■ Aim of the task ■
Please write out only the lines from the line with "Figure 3. Naval" to the line with "Architectural timber cladding", inclusive, exactly as they stand below, without the pictures.

START Extracted entries

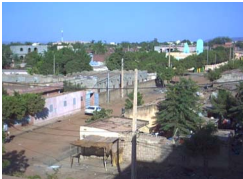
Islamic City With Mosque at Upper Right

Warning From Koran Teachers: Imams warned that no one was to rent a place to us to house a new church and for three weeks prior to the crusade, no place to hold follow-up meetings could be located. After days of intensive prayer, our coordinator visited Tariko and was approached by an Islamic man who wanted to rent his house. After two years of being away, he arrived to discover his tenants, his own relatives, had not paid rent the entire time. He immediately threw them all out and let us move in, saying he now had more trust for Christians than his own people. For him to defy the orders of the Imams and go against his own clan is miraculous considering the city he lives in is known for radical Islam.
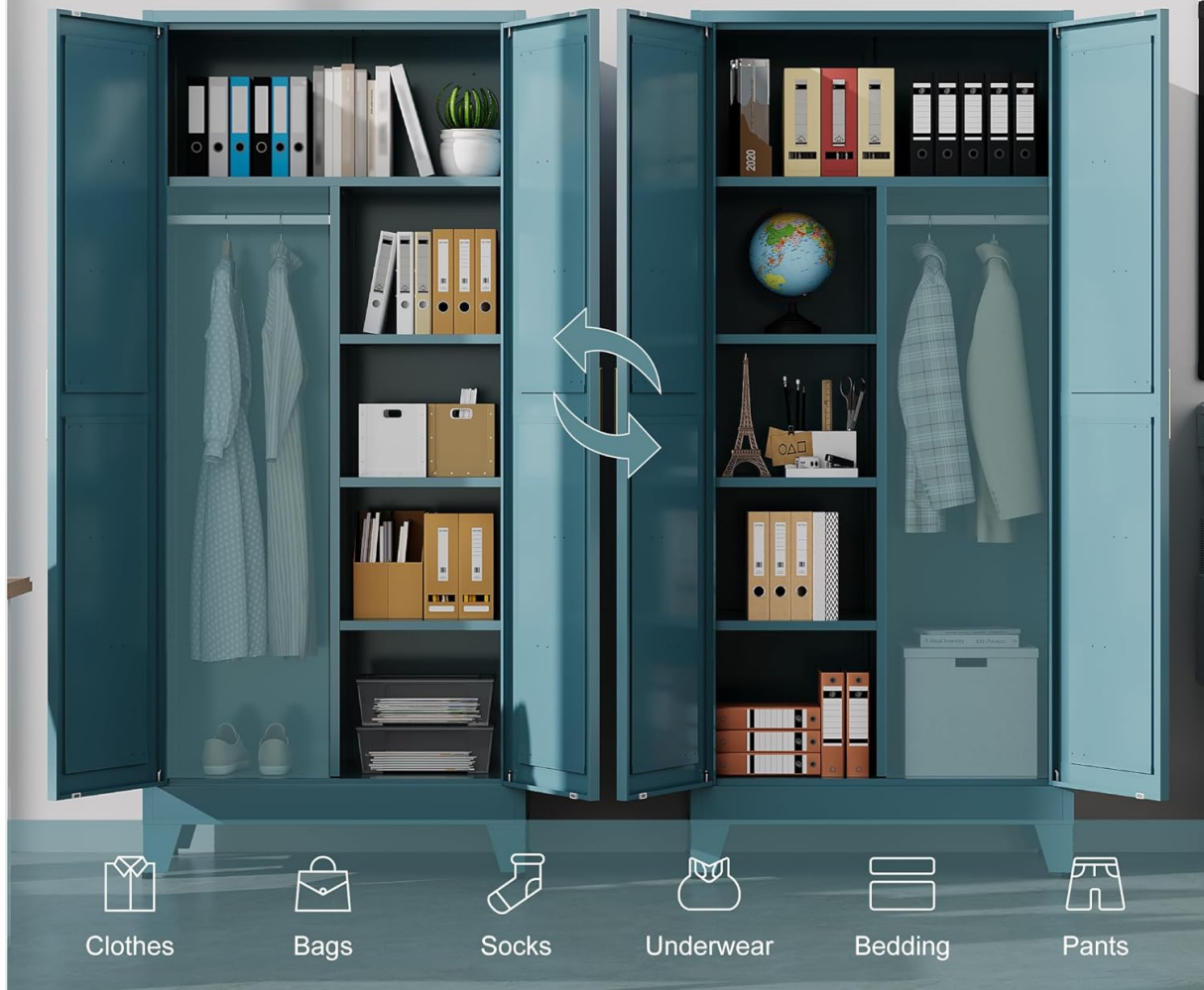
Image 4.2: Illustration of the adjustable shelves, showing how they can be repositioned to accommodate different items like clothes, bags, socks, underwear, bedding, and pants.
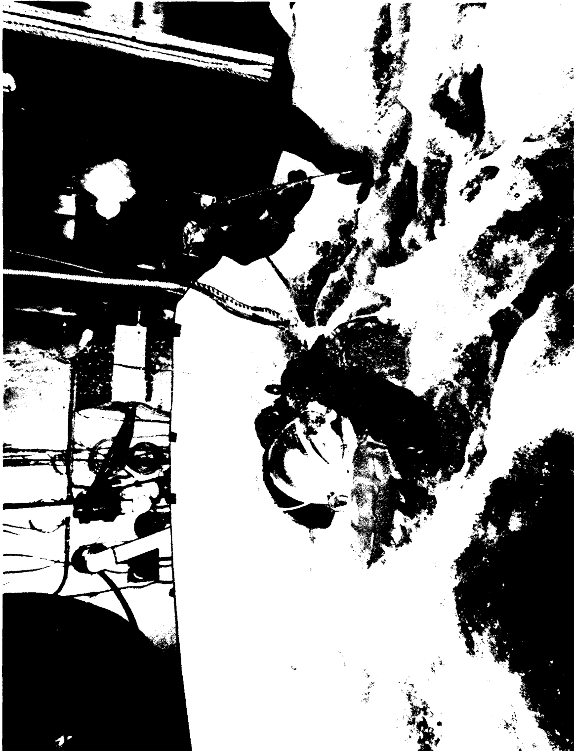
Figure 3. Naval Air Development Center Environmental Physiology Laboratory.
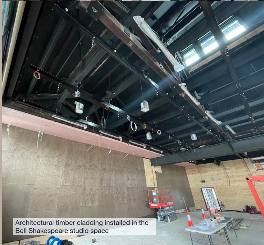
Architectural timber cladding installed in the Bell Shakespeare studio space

END Extracted entries
START Extracted entries

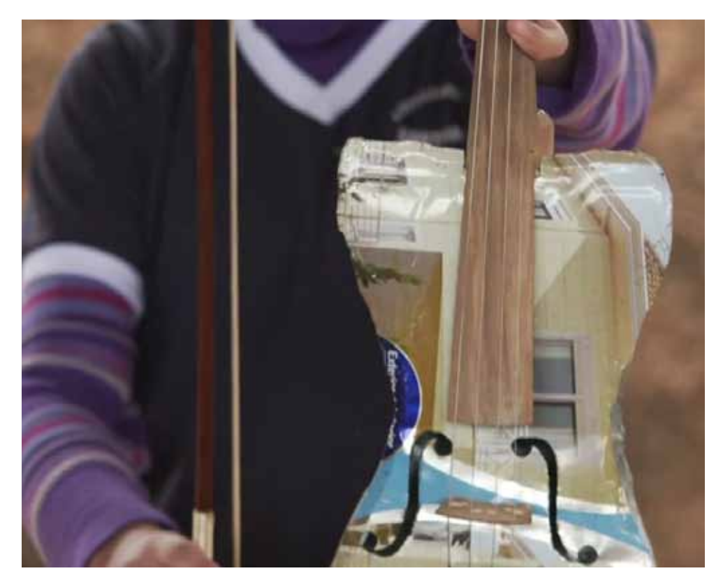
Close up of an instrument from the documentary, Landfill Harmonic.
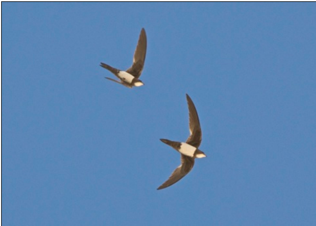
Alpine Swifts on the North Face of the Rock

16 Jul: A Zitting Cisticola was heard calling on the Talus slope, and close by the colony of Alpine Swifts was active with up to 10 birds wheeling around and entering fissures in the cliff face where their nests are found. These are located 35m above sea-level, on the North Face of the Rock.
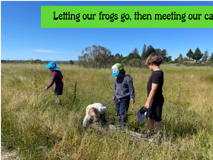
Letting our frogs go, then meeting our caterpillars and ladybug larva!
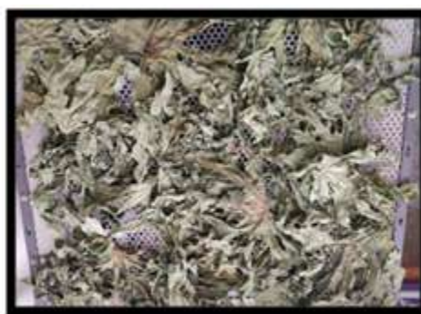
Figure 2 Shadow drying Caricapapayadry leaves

END Extracted entries

■ Response for this exercise ■
Figure 3. Naval Air Development Center Environmental Physiology Laboratory.
Architectural timber cladding installed in the Bell Shakespeare studio space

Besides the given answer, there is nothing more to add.